« Kibaré » de Florent Nikiéma : Un spectacle de danse dans un décor hallucinant
Le festival international Dialogues de corps, 13e édition, a refermé ses portes dans la soirée du 13 décembre 2020 au Centre de Développement Chorégraphique, La Termitière, à Ouagadougou. A l’instar des précédents jours, danse et musique étaient au programme. Nous nous sommes intéressés à « Kibaré », le spectacle solo du danseur chorégraphe burkinabè, Florent Nikiéma. Découvrons un univers épatant, avec un décor et une prestation artistique hors du commun.
Un spectacle, longtemps annoncé, a retenu notre attention à ce dernier jour du festival international de danse au Burkina Faso, Dialogues de corps. Il s’agit de « Kibaré » (comment va ? en langue mooré) du danseur chorégraphe, Florent Nikiéma. D’entrée de jeu, son décor est assez étrange, la mise en scène aussi.
Pour le besoin, le danseur, n’a pas exploité le Grand studio du CDC La Termitière. C’est plutôt un espace herbeux, aménagé à l’occasion, qui a servi de théâtre d’expression. A cet endroit précis, sont entreposés l’un à côté de l’autre, du gyrophare, de la clochette, de la brosse à dent, de la pâte dentifrice, un matelas trempé de poussière … En hauteur, juste au-dessus de la tête, des cordes sont fixées à un arbre avec des pneus pendants. Tout paraît à la fois déraisonné.

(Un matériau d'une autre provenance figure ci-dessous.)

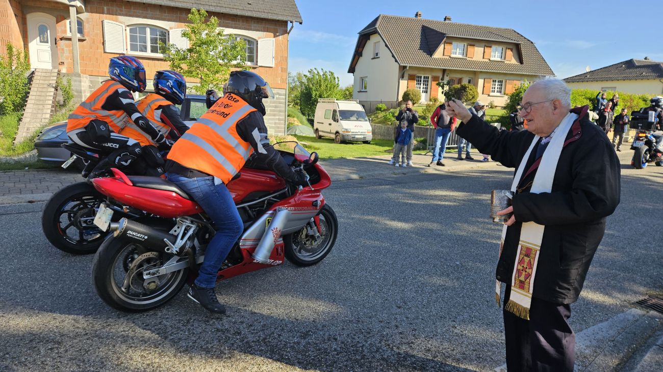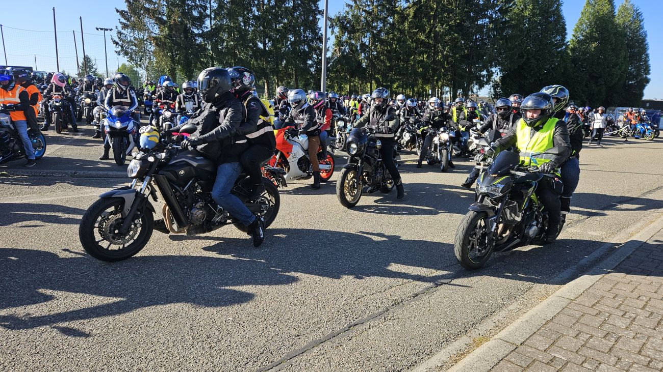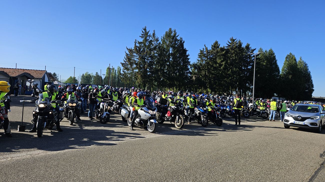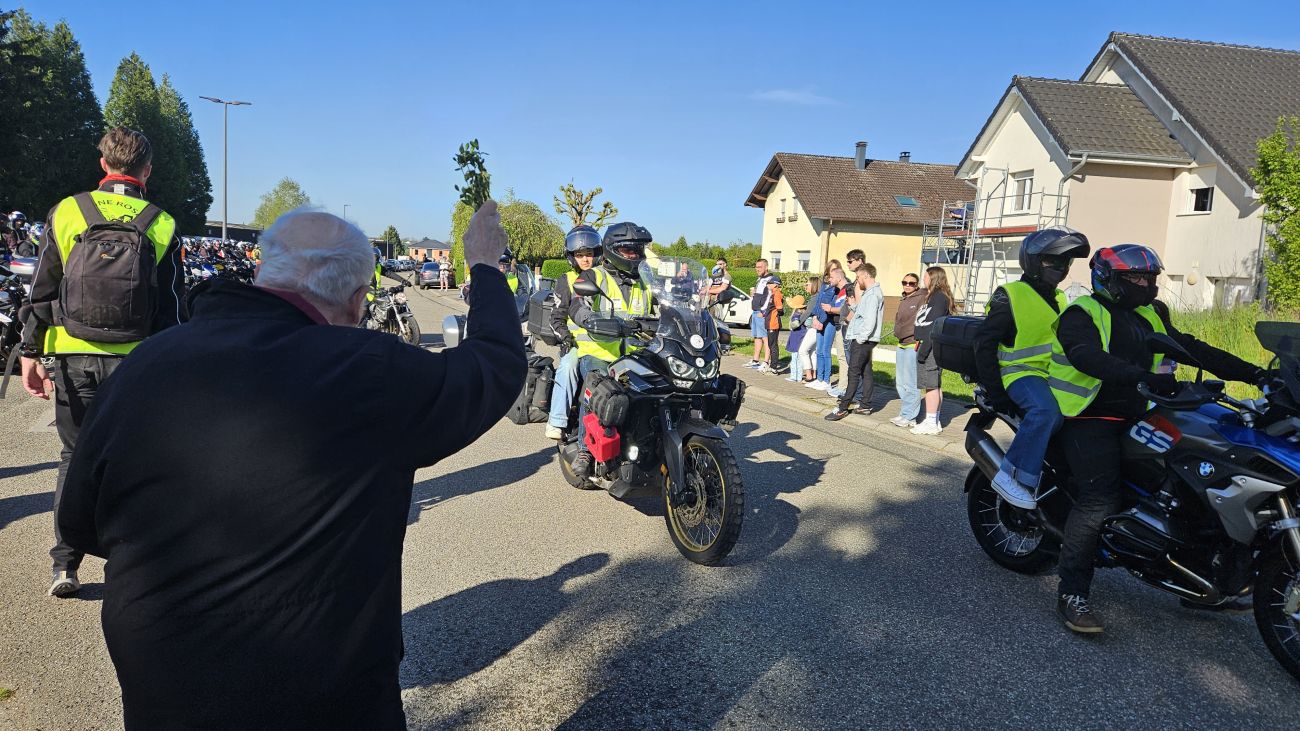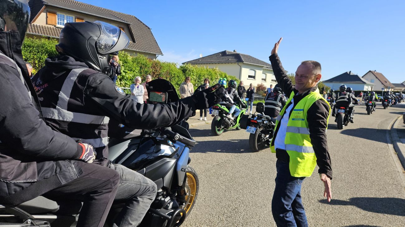 9h, c’est parti, Jacques Lang, le président d’Une rose un espoir secteur Bitcherland donne le départ aux 317 motos.
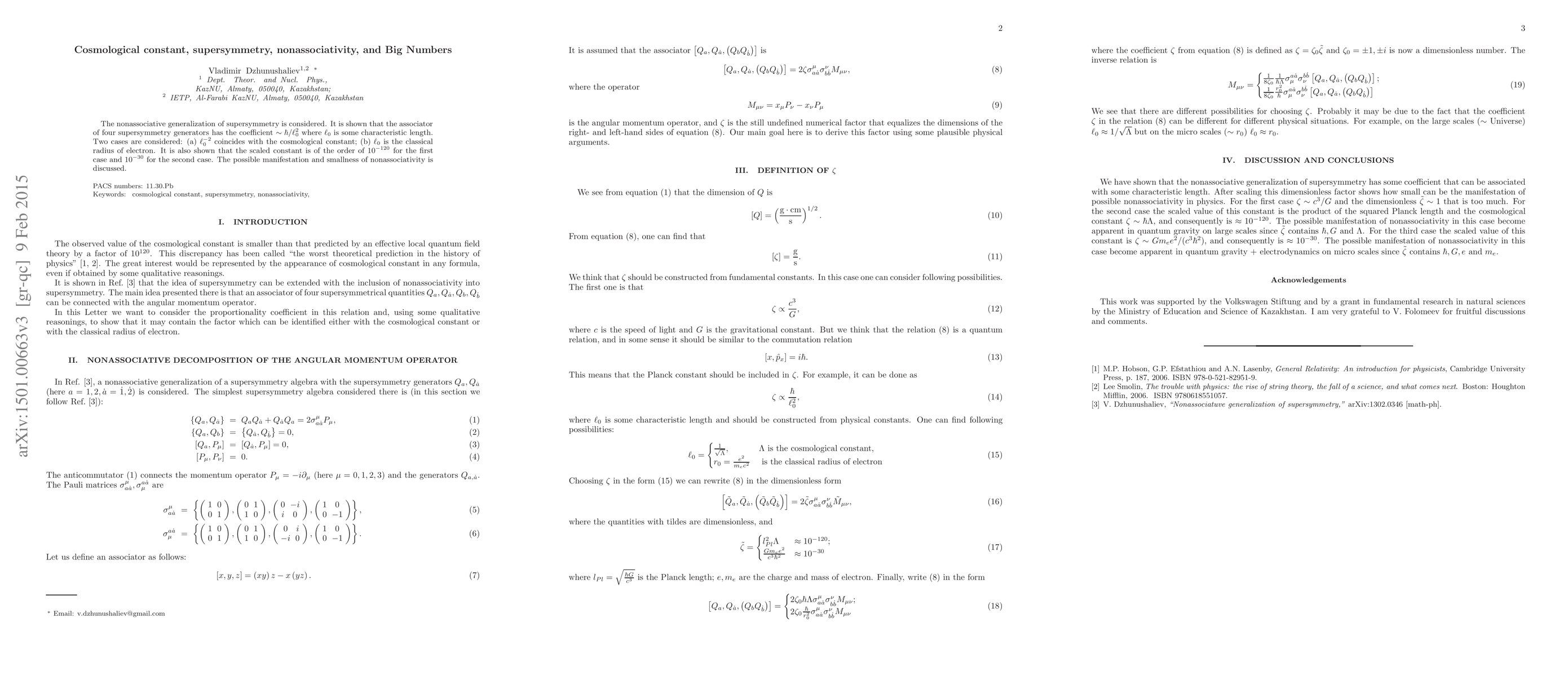 The nonassociative generalization of supersymmetry is considered. It is shown that the associator of four supersymmetry generators has the coefficient $\sim \hbar/ \ell_0^2$ where $\ell_0$ is some characteristic length. Two cases are considered: (a) $\ell_0^{-2}$ coincides with the cosmological constant; (b) $\ell_0$ is the classical radius of electron. It is also shown that the scaled constant is of the order of $10^{-120}$ for the first case and $10^{-30}$ for the second case. The possible manifestation and smallness of nonassociativity is discussed.
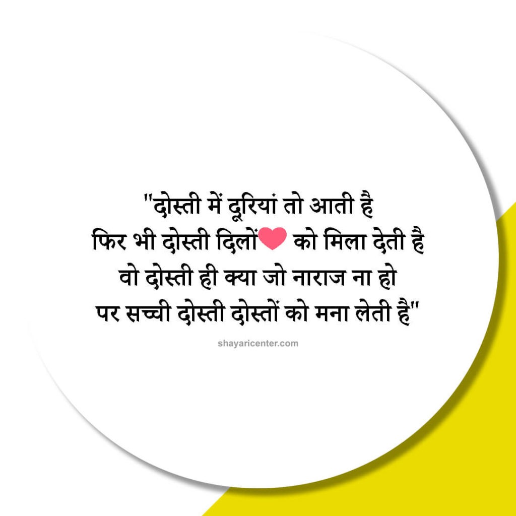 दोस्ती में दूरियां तो आती है फिर भी दोस्ती दिलों को मिला देती है वो दोस्ती ही क्या जो नाराज ना हो पर सच्ची दोस्ती दोस्तों को मना लेती है
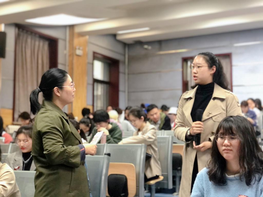 随后,崔老师重点讲解了有效教师和有效教学的特点。实现有效教学,第一,教师应该首先从人性角度出发,关心尊重学生。第二,有效教学离不开秩序化的班级组织与管理,教师应该运用班级管理策略,对不同学生行为进行不同反馈。第三,指令的计划、组织和施行也尤为重要,运用一些提问技巧使学生参与到教学中来,可以达到事半功倍的效果。第四,教师切不可忘记通过作业反馈等形式来检测学生学习成果及挖掘学生学习潜力。同时,崔老师从我国教育改革出发,以核心素养为切入点,引导学生立志成为“四有好老师”,并强调全员育人,全程育人,全方位育人的重要性。
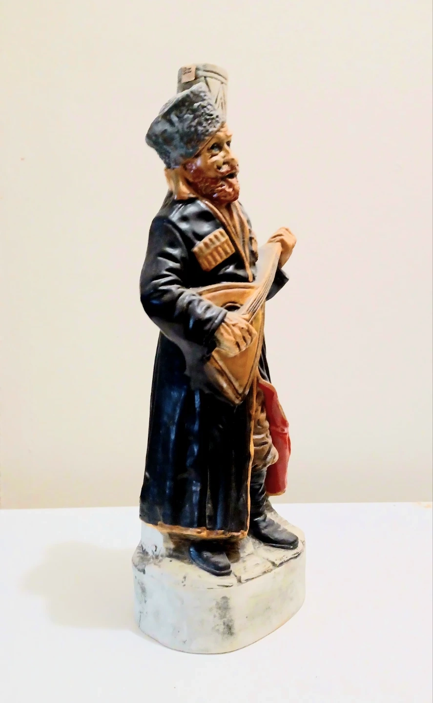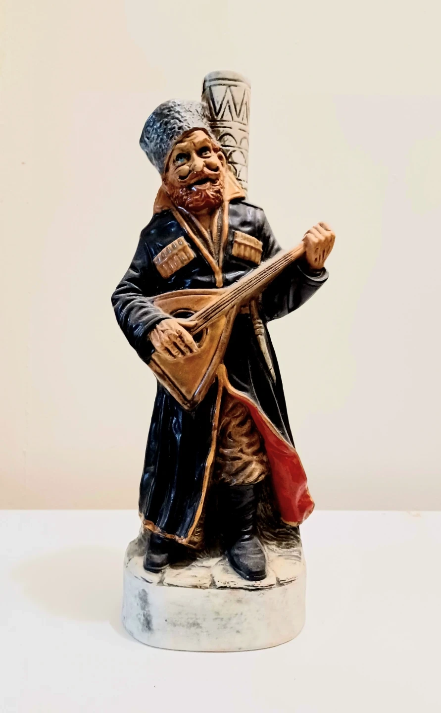 Unique, Vintage 1978, Hand Painted Russian Cossack Playing Balalaika Textured Ceramic Figurine Decanter , showcasing intricate details and craftsmanship. Made in Italy. About 12.50 inches Tall . Collectible Figurine
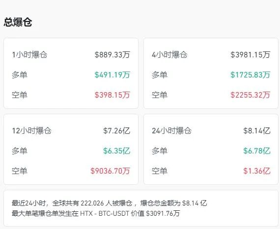 加密货币全网24小时超22万人爆仓,8.14亿美元(约合人民币58亿元)灰飞烟灭。
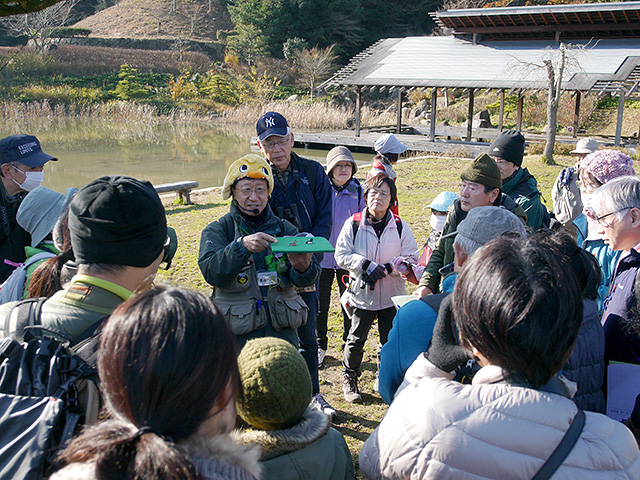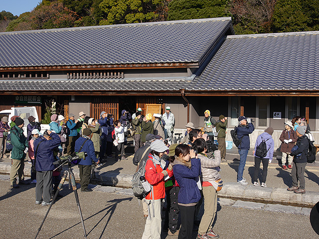 修景庭園ではホシハジロやコガモのカモ類、園内を回りながらジョウビタキやメジロの小鳥類など、たくさんの野鳥が観察できました。
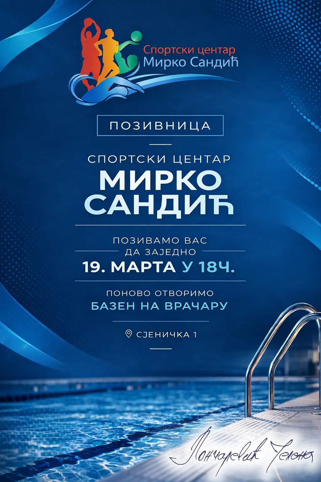 Добродошли у Спортски центар „Мирко Сандић“! Наша мисија је да вам омогућимо активан и здрав живот у пријатном и савремено опремљеном простору. У нашем центру можете уживати у затвореном базену, модерној теретани, салама за групне тренинге, као и различитим спортским и рекреативним програмима за све узрасте. Било да долазите да се рекреирате, учите пливање или учествујете у нашим програмима за децу и одрасле, ту смо да вам пружимо подршку и мотивацију на сваком кораку. Придружите се нашој заједници и уживајте у спорту и здравом животу са нама!
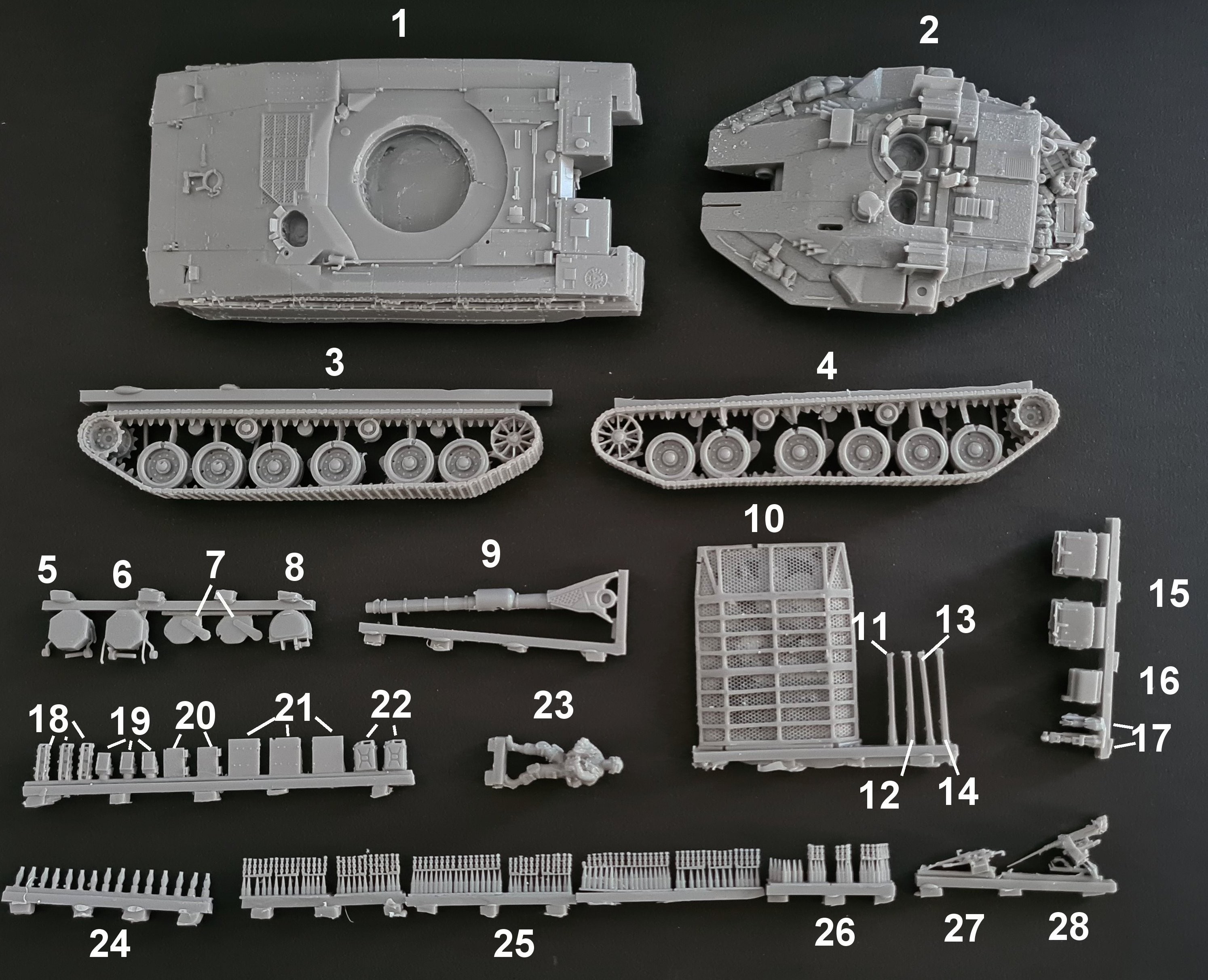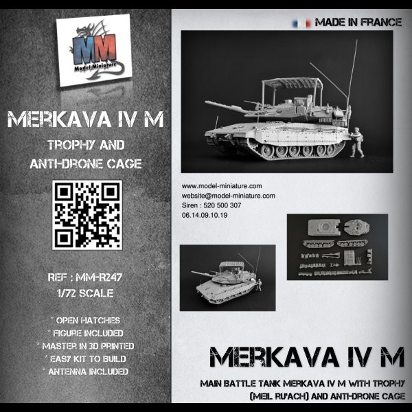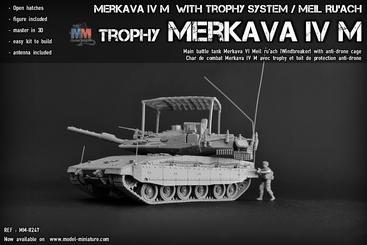 - Complete resin kit of the Merkava IV M, Trophy system and anti-drone cage (roof) at 1/72 scale, Israeli tank
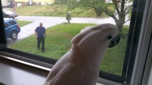 De permanente papegaai opgewonden raakt als hij ziet dat zijn eigenaar terugkeert naar het werk. Kan voorspellen de tijd komt thuis, zitten en wachten in de voorkant van het raam.
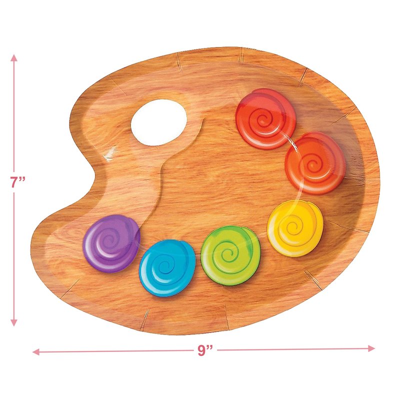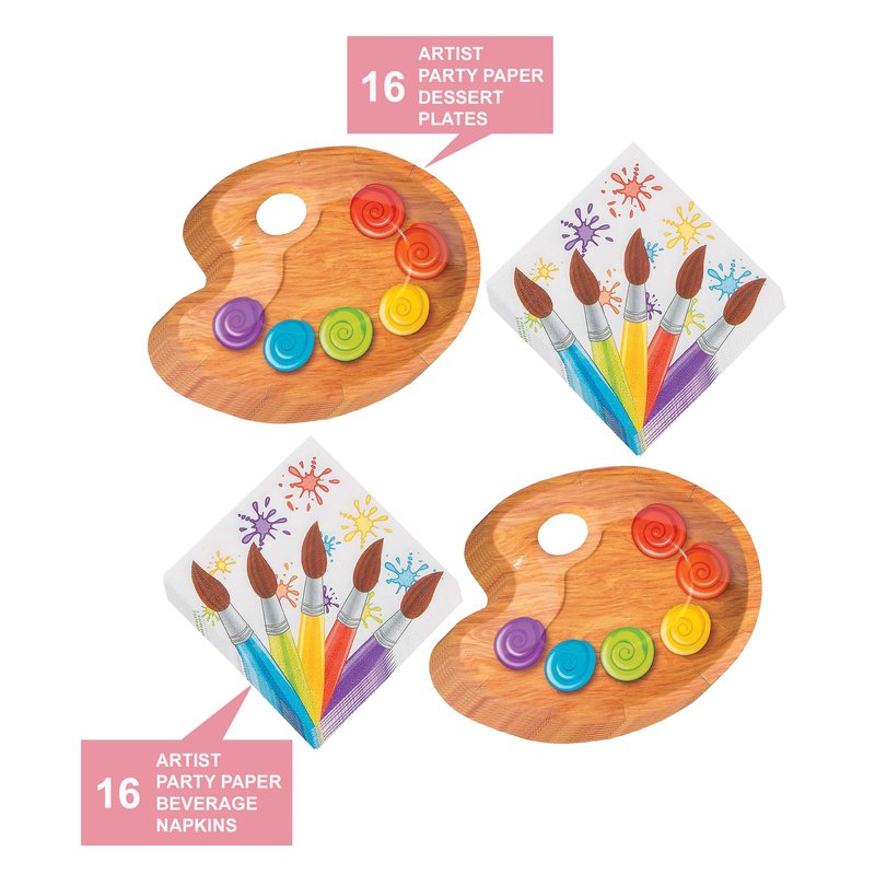 - Plates feature paint samples on a wood-looking palette tray, complete with thumb hole for carrying. Napkins feature a colorful variety of paint brushes.
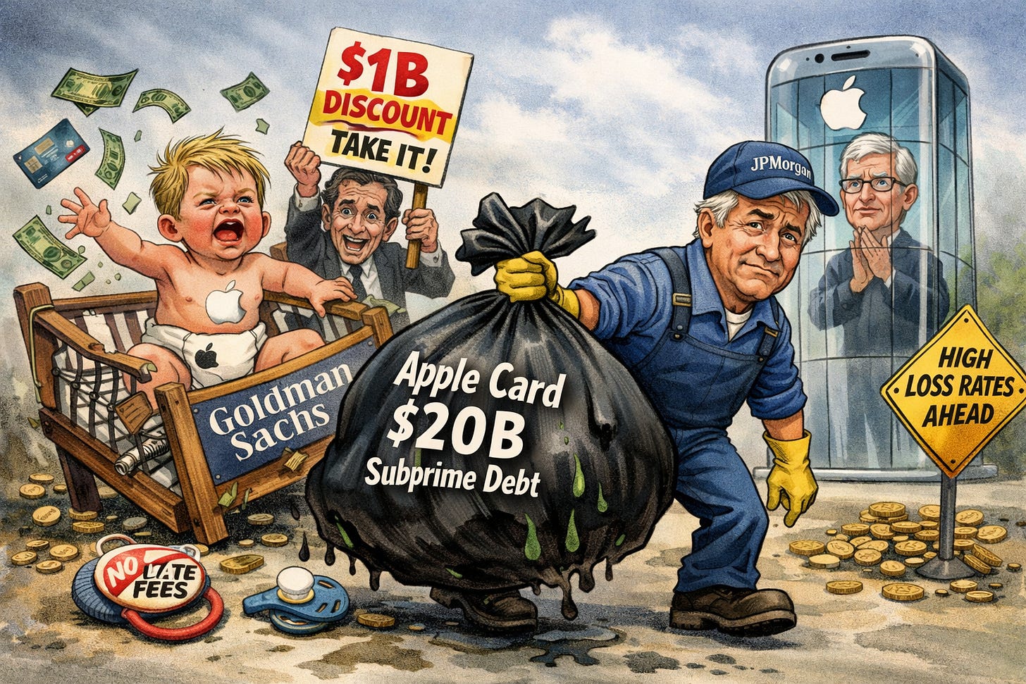 JPMorgan Chase just finalized a deal to rescue Apple’s credit card program from Goldman Sachs, taking on roughly $20 billion in outstanding balances. It’s a rare fire sale in the credit world: Goldman is offloading the portfolio at a discount of more than $1 billion. Usually, these co-branded deals command a premium, so this massive haircut highlights the toxic nature of the book. The move ends Goldman’s disastrous retail banking experiment, which racked up $7 billion in losses since 2020. The transition will take about 24 months, with Goldman continuing operations until the handoff is complete (WSJ).

C’est pourtant dans cet univers que Florent a choisi de s’exprimer en toute commodité.
Et comme si ce décor insolite ne suffisait pas, l’artiste dans son expression scénique, va se livrer à un comportement « délirant ». Il se brosse, crache, salive, se donne l’envie de vomir … Cette scène, peu plaisante, fait pourtant passer un message dans l’action.
Dans le spectacle « Kibaré », l’auteur extériorise un ressenti, un dégoût, une rage, une colère vis-à-vis du colon impérialiste dominateur, des dirigeants africains corrompus et des pillages orchestrés sur les ressources fertiles de l’Afrique.
Pour mieux comprendre cette expression artistique, il fallait lire plutôt que de regarder, car l’univers dans lequel Florent a transporté les spectateurs n’était pas si évident pour tous.
Le spectacle « Kibaré » traite plusieurs thématiques à la fois. Il aborde la domination politique et néocoloniale sur les peuples africains. C’est ce qui explique les cordes, la lutte avec le matelas laissant remonter la poussière vers le haut. Cela sous-entend dans la conception de Florent, que l’occident a une mainmise dans l’exploitation du sous-sol africain.
La corruption reste une gangrène en Afrique. Elle contribue à maintenir le continent dans une situation de précarité. Mais, est ce que les dirigeants africains ont-ils conscience ? devraient-ils continuer de s’entredéchirer ? « Kibaré » fait également un zoom sur l’esclavage, avec toutes les tortures et pendaisons des noirs qui se révoltaient à l’époque. Ces faits sont illustrés par des images projetées.
Pendant le spectacle, également, Florent, seul en scène, laisse suinter en fond sonore le discours revigorant de certaines figures emblématiques dont Thomas Sankara. Mais celui de Blaise Compaoré, à qui l’assassinat de Thomas Sankara a profité, donnait envie de vomir au danseur d’où la pituite.
Il y a urgence pour l’artiste. Et ce spectacle est un appel à la prise de conscience, et aussi à la révolte. In fine, partir ou rester devient un dilemme. Chargeant alors son matelas sur les épaules, le danseur tergiverse et finit par rester.
« Kibaré » est un spectacle engagé. Servi à la clôture de « Dialogues de corps » 2020, on ne pouvait pas espérer mieux.